Inventors and artists are part of the great whole also so despite their contributions they also have consumed the flesh of exploitation through existing in this world. Is that something to feel guilt over?

What about the capitalists, are the few that control the wealth of the great whole aware of how us many live?
Why do they think they own anything when everything in the world is the product of many?
Does anything really truly belong to anyone else?

How so when even the food is the product of many from animals to the sun to the people who planted then those who picked then the one who transported then the one who bought then the ones who ate it in the end?

Monday, June 12, 2017

The Conquest of Bread- Chapter 1.1 audio and study questions






Section 2 of this blog's introduction will be released in a few days, but in the meantime here is the beginning of our first audiobook project. The audiobooks are a first step to providing greater accessibility to anarchist theory. Below is the audio file for section one of chapter one, as well as some related study questions contributed to the project.



Chapter 1: Our Riches

Section 1:

How far have we come?

How many of us leave more for our heirs than shelter, utensils and the earth itself?

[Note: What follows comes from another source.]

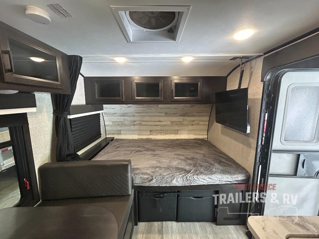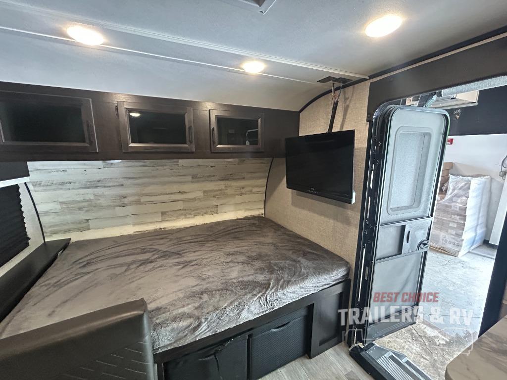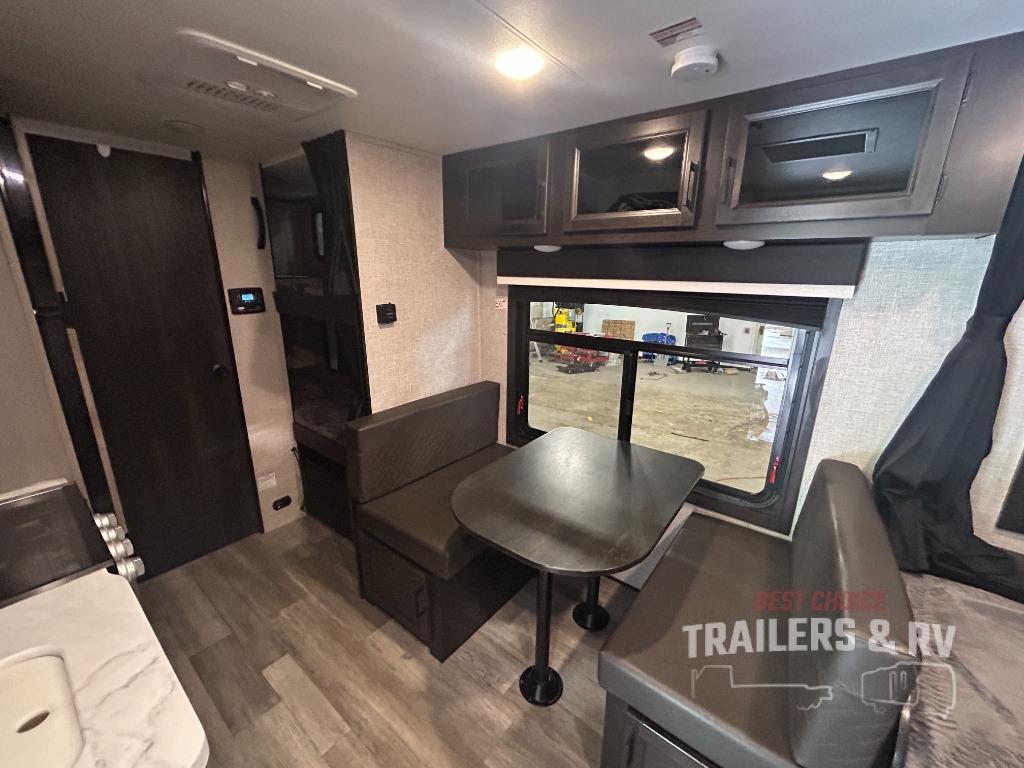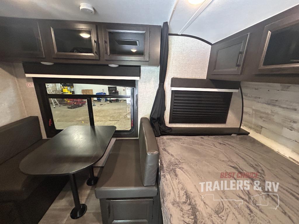 If you've been looking for a lightweight travel trailer with more sleeping space, your search is over with this model! There are bunk beds in the back near the full bath for convenience, a front queen bed, plus a booth dinette that will double as dining and sleeping space. This model also includes overhead compartments for your belongings, plus exterior storage for you fishing poles or tackle boxes.

Were you left with and will you leave things (at the rate it’s going now)?

Birth into a world with capital means what to those without it, are their dreams all actually nightmares?

We have more tech and higher yields than our elders, are we thriving emotionally compared to them also?

Since there’s enough tech to make tools that control the soil, sun and can dig into even the caves and build whole cities up in a matter of months and we do not all have what we need, is it greed that makes some suffer?

Where’s the money, are there really just a few controlling all the currency worldwide?

Is money/credit really the reason that people are dying worldwide?

How would life change if food and knowledge and health and shelter and technology were used for good and well being of all?

Sunday, June 11, 2017

What is the Anarchist Education Society? part 1

The concept behind the Anarchist Education Society is incredibly simplistic, but in that simplicity lies endless possibilities for development and growth. The central concept is that of a community building, learning, and growing together. What does this mean in regards to anarchism, and in regards to revolution?

The very basis of an anarchist society is a stateless, classless, moneyless society. The idea of a society functioning, let alone thriving, without these things is an incredibly foreign one to most people. The system at hand- capitalism- depends on the working class believing that we need it. We sustain the social hierarchies that oppress us and most of us are unaware that real, possible alternatives exist. Anarchy is slandered by being equated to chaos. Socialism is either dismissed as a pipe dream or given the definition of fascism.

So the first step must be theory. It must be learning core concepts. What is anarchism? How does a gift economy function? What is human nature? Is it static or is it fluid? What is property? These answers to these questions along with many others can be discovered in many different ways, one such way being a project that has already begun. By reading or listening to theory and discussing what we are reading with others, we can begin to dissect what these concepts mean. After that we can figure out where the texts written during the turn of the 20th century and so on are relatable to our modern society and also where they are lacking. We can look at them through an intersectional lens, integrating the needs of both class war and social war.

Perhaps more importantly than the theory itself, we can develop a community-based system when it comes to knowledge, not just of theory but of skills as well (which we will explore more thoroughly in part 2). In much of our current society, the opportunities for knowledge are heavily impacted by our class. But also we are fed one style of learning, one protocol, that many people just can't follow for one reason or another. Through this project, we will develop a variety of tools on *how* to learn. We will develop the confidence in self-learning, that it is possible. And we will develop the skills to teach each other.